[OCWR] Week 18 - OpenCitations Weekly Report
Week from Nov 30 to Dec 06
Introduction
During the eighteenth week I’ve done a lot of work both on the ShEx validator and on the
new implementation of generate_provenance
. I found a way to make the validator work and I fixed
some remaining issues of the generate_provenance
method, which I found out because of the newly
added test function. I also continued cleaning the code of the oc_ocdm
repository and I added some functionality to the reader.py
module.
Report
ShEx validation
During this week, after some additional experimentations, I found a way to make the validator work
well with valid RDF data without losing the possibility of enforcing the shape constraint to entities
related the one on focus.
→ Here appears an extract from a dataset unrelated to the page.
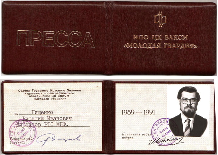 -Удостоверение работника Издательско-полиграфического отделения ЦК ВЛКСМ "Молодая Гвардия" (1989-1991)

I created two different variants of the ShExC file: one with the
CLOSED shape
constraint and one without it. As of now, the second one works beautifully while the
first one still produces some errors here and there which seem to be related to the implementation
of the PyShEx
package itself.
Anyway, the idea is the following: during the validation phase of a particular entity, the
ShEx validator should only check that the referenced/referencing entities have the correct
rdf:type
property value. This means that their complete shape conformance test is actually
postponed to the moment when each of them will become the on focus item and it will be evaluated
against the shape which corresponds with its rdf:type
property value. This ensures a quicker
evaluation of each entity while, at the same type, it enforces all the shape constraints defined
into the ShExC file.
There’s only a little caveat: let’s say an entity A
with shape AShape
references an entity B
with shape BShape
. The entity A
is evaluate before than B
: the validator checks that B
contains the expected rdf:type
property value and it terminates stating that A
is conformant
with the AShape
. Than, B
is evaluated against the BShape
but the validation fails. In this
case, if the desidered behaviour is “both entities should fail the test”, than the algorithm fails
to follow this behaviour. Otherwise, this strategy should work pretty well.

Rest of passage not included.